CROSS REFERENCE TO RELATED APPLICATION

This patent disclosure claims the benefit and priority of Chinese Patent Application No. 202211099120.2 filed with the China National Intellectual Property Administration on Sep. 7, 2022, the disclosure of which is incorporated by reference herein in its entirety as part of the present disclosure.

TECHNICAL FIELD

The present disclosure belongs to the field of data center network congestion control, and in particular, relates to a method for automatically regulating an explicit congestion notification (ECN) threshold of a switch in a data center based on multi-agent reinforcement learning.

BACKGROUND

With the advent of the cloud era, computing and storage have been gradually transferred to the cloud. As an essential infrastructure for cloud computing, a data center (DC) composed of a bulk of servers and network devices plays an increasingly important role in supporting strong computation and mass storage of individuals and enterprises. To meet the increasing cloud-based service needs, the number of servers in a DC increases sharply, which in turn requires a large number of network devices to form an interconnection system. This may eventually lead to rapid expansion of the scale of a data center network and extremely high complexity thereof. Therefore, how to provide effective congestion control (CC) in such a complex, dynamic, diversified large-scale data center network (DCN) to guarantee high-quality and responsive network services faces challenges mainly in the following three aspects.

In one aspect, a modern cloud data center is usually equipped with a large number of computing or data intensive applications, such as complex image processing, scientific computing, big data processing, distributed storage and artificial intelligence (AI) model training, thus spawning lots of distributed computing frameworks such as MapReduce, Spark and Flink to provide high performance computing. However, such a distributed computing paradigm continuously generates a great deal of many-to-one partition-wise aggregation mode traffic with high fan-in, which inevitably leads to an incast problem hard to handle, accompanied by continuous queue establishment, an increased delay, dithering and even data packet loss. Therefore, how to design an incast-aware congestion control scheme has become a problem urgently needing attention for a DCN.

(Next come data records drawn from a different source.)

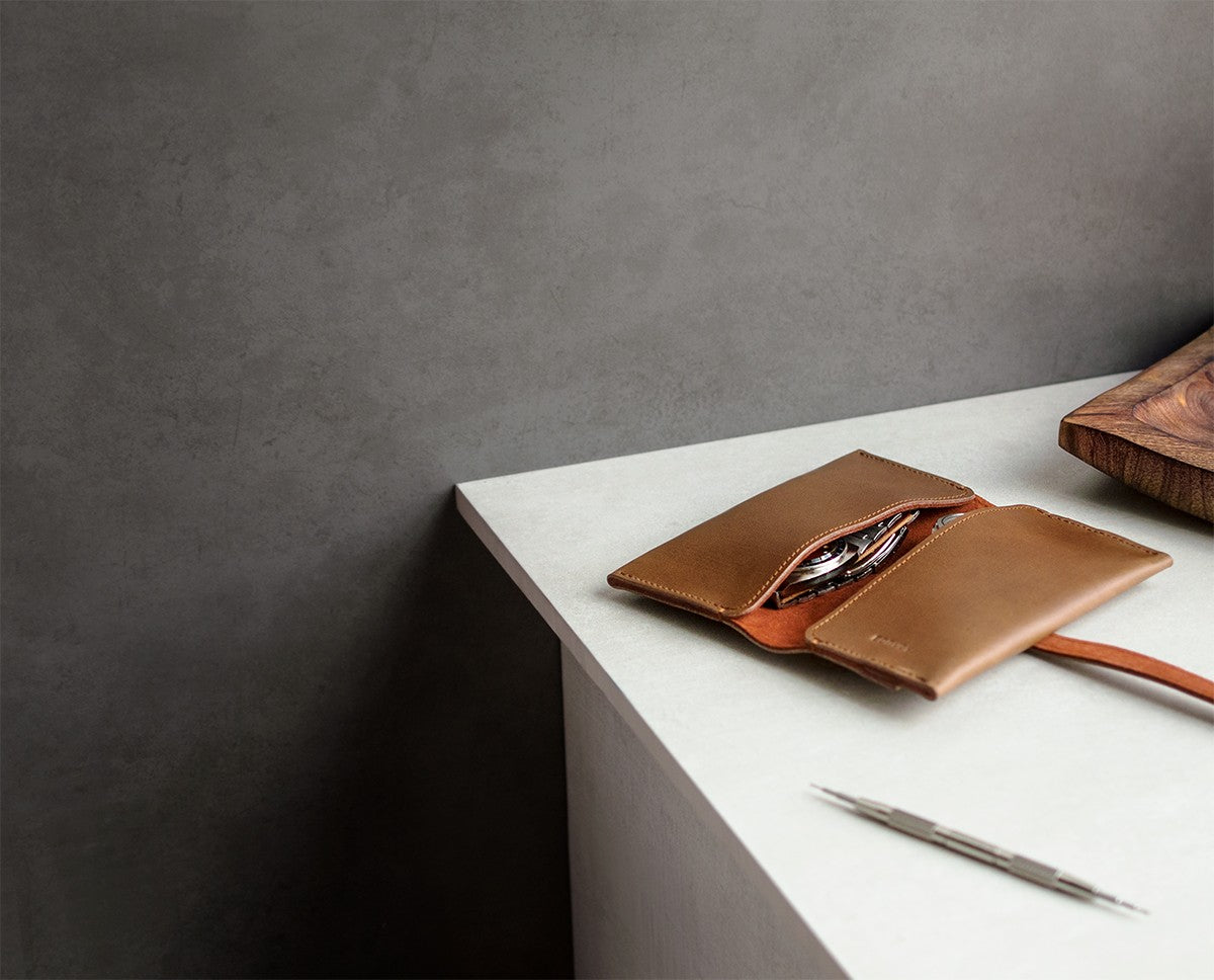 Der Roll besteht aus italienischem, pflanzlich gegerbtem Buttero-Leder und ist mit italienischem, wasserdichtem Wildleder gefüttert. Die Seiten der Fächer sind für zusätzliche Stabilität verstärkt vernäht, und der Roll wird mit einem Lederriemen gesichert. Die Kanten sind von Hand mit Bienenwachs poliert, um eine glatte Oberfläche zu gewährleisten. Der Roll wird mit zwei ledernen Uhrenkissen geliefert, die mit Wildleder gefüttert sind, um die Gehäuseböden deiner Uhren zu schützen. Das Leder entwickelt im Laufe der Zeit eine schöne Patina durch die Einwirkung der Elemente.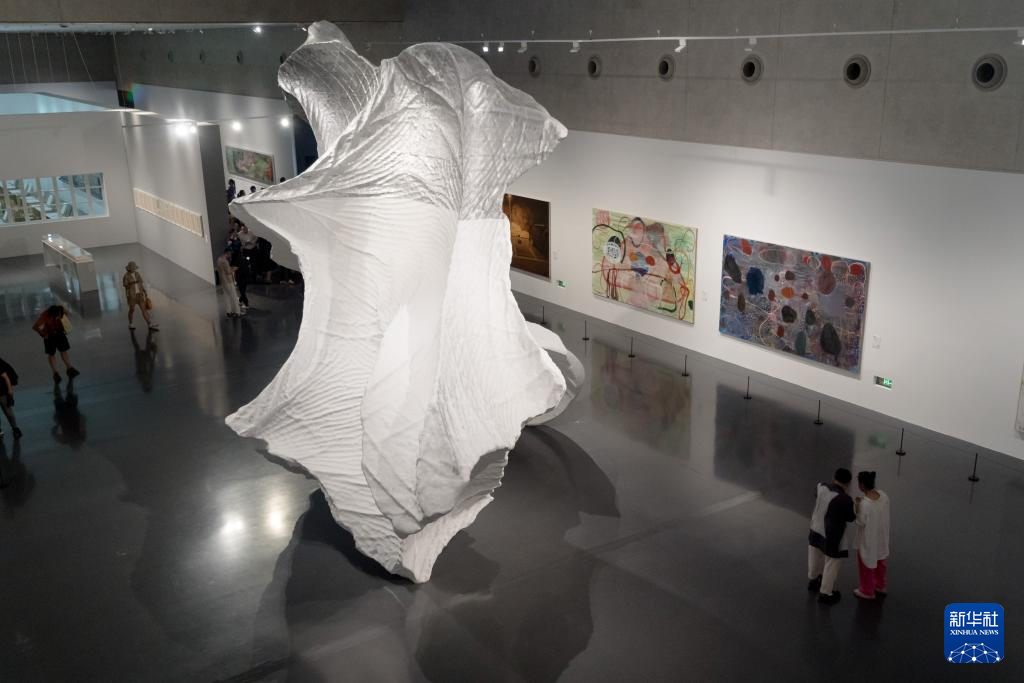 這是7月16日在成都市美術館拍攝的雙年展展廳。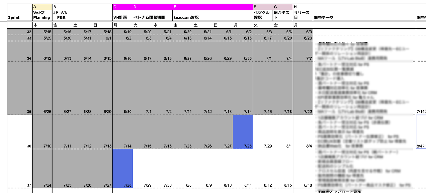 現在は、日本チーム(PM陣)とベトナムチーム(開発陣)という感じで1つのバックログを通じてやりとりをしています。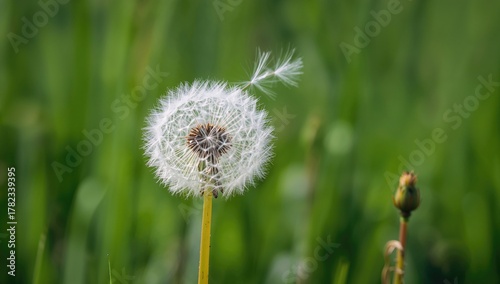 Fototapeta premium A close-up of a dandelion puffball in a field, swaying softly in the wind,...
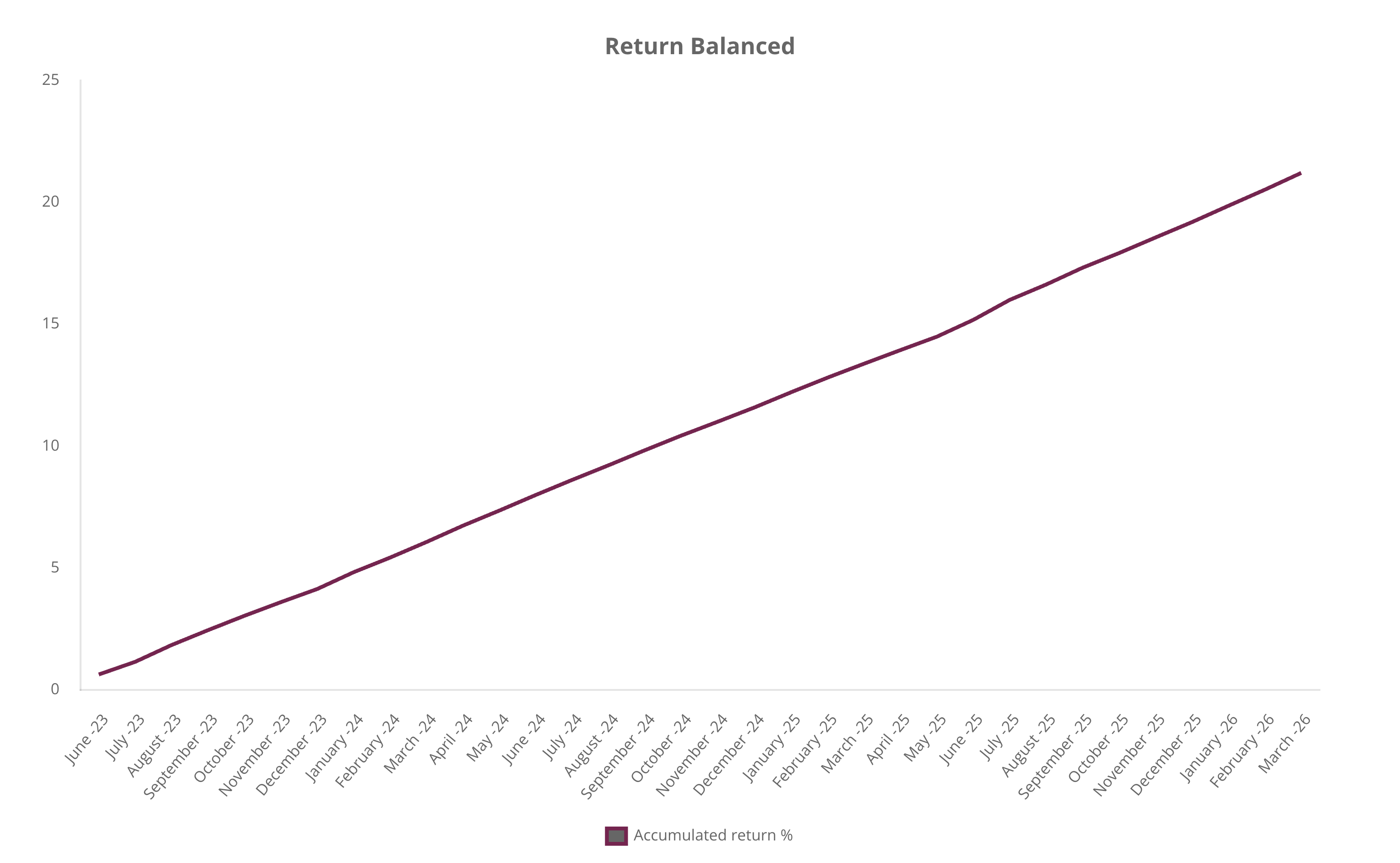 The average rolling 12-month return is 6.90% – net of credit losses and fees, and before tax. Since the savings strategy was launched in June 2023, the cumulative average return has amounted to 21.21%. The strategy has had no months with negative returns.

In another aspect, as a diversified environment, a cloud data center usually provides various services that generate various types of traffic having different features and different requirements for network quality. For example, an elephant flow (e.g., data replication or virtual machine migration) running for a long time has an extremely high requirement for throughput, but a certain tolerance to network delay, which may be realized by setting a long queue on the side of a switch. In contrast, a short-lived mice flow (e.g., a control, management and query message) has a strict restriction on data packet delay, but rarely a requirement for throughput, which prefers a short queue length on the side of the switch. Therefore, how to adaptively adjust a queue length to simultaneously meet the needs of different types of traffic conflicts is still another key challenge.

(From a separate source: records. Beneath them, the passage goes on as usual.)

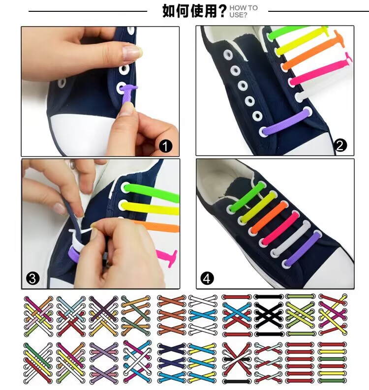 Product name; Silicone shoelaces specification; 8 lengths (16 pieces) for a set of packaging; Bag (no paper card) packaging If you need + paper card details please consult customer service or contact phone 13857966196 (wechat same number)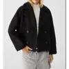 2025 Nuevo Estilo Transfronterizo Comercio Exterior Moda Europea y Americana para Mujer Estilo de Punto Solapa Grande Lana Corto Grueso Manga Larga Chaqueta Abrigo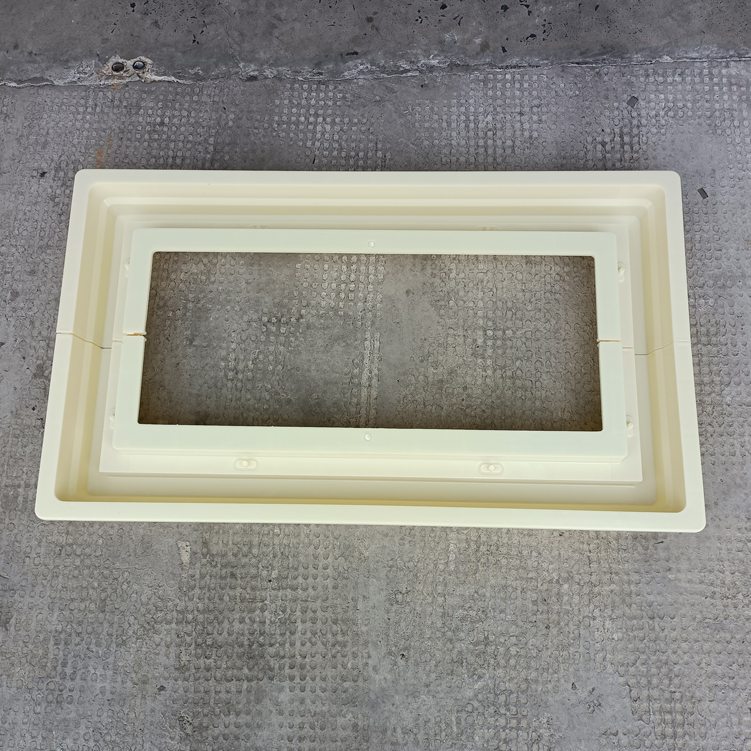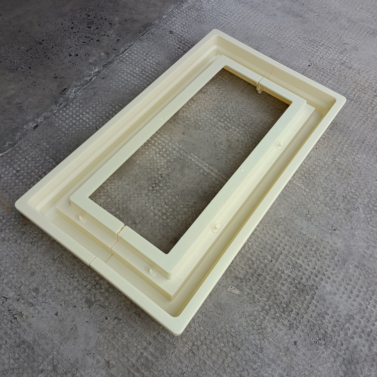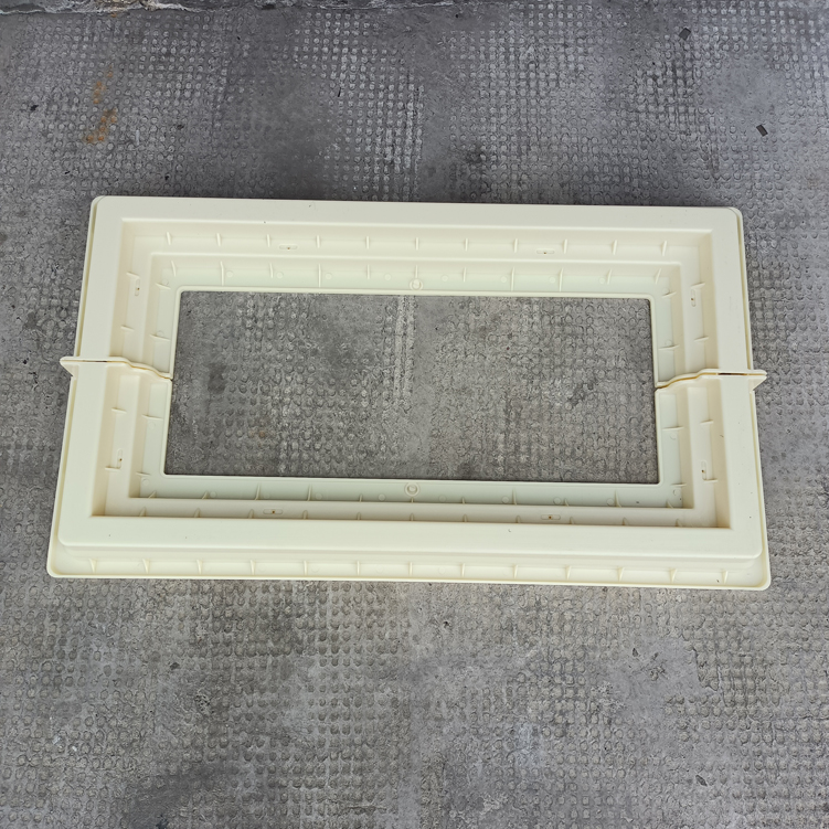 方井座塑料模具,模具采用拼接方式、為兩個組裝而成、寬度可以增加調(diào)節(jié),有設配件井座B,該長度、寬度尺寸為模具尺寸最外邊、包括翻邊。

Finally but also importantly, the DCN is regarded as a highly dynamic network environment, in which a traffic mode and proportions of large and small flows change rapidly, bringing about great uncertainty for a congestion control mechanism. This poses another challenge, i.e., how to enable a network congestion control strategy capable of self-learning and self-decision making to dynamically adapt to a real-time network environment.

An explicit congestion notification (ECN) has been recognized as an effective means for promoting network congestion control and has been widely supported by commercial switches of data centers. A setting strategy for an ECN marking threshold plays a vital role in determining the feasibility and the effectiveness of these existing ECN based congestion control schemes. Generally, strategies for setting an ECN marking threshold are mainly divided into the following three types: static setting, dynamic setting and automatic setting by self-learning. A static setting scheme requires that a fixed ECN marking threshold is configured to a switch in advance during the entire execution period of an algorithm. However, it is obvious that such static setting can neither adapt to a dynamic network environment nor simultaneously meet different needs of large and small flows. A high threshold may affect a delay sensitive mice flow, and a low threshold may lead to a bandwidth throughput decrease and even starvation for the elephant flow. In contrast, a dynamic scheme is capable of dynamically adjusting an ECN marking threshold based on some simple determination mechanisms. However, an adjustment strategy needs to be predefined manually and cannot be adjusted autonomously according to real-time network conditions. Worse, some of existing dynamic methods may adjust a threshold by considering only one simple factor (e.g., a link utilization rate or an instantaneous queue length), while some of them may be only applicable to a case of multiple queues. Reinforcement learning (RL) allows for dynamic decision making with a maximum reward through continuous interaction between an agent and an environment and provides an effective method for handling the above-mentioned problems. There are relatively few existing ECN regulating schemes based on reinforcement learning. In some studies, an appropriate strategy is generated according to observed statistics based on a reinforcement learning algorithm, and an ECN threshold is updated through a control interface of a switch. However, network environments cannot be fully understood such that learned strategies cannot always be optimal, especially in a case where incast and mixed large and small flows. Meanwhile, these algorithms may lead to memory overheads and bandwidth consumption to a certain extent, which are unrealistic and unacceptable for switches with limited resources.

SUMMARY

In view of the problem that an ECN threshold regulating algorithm is poor in flexibility, incapable of adapting a highly dynamic network environment or cannot meet the needs of traffic with different features in the prior art, an objective of the present disclosure is to provide a method for automatically regulating an ECN of a data center network based on multi-agent reinforcement learning to dynamically adapt to a network environment and a rapidly changing traffic mode.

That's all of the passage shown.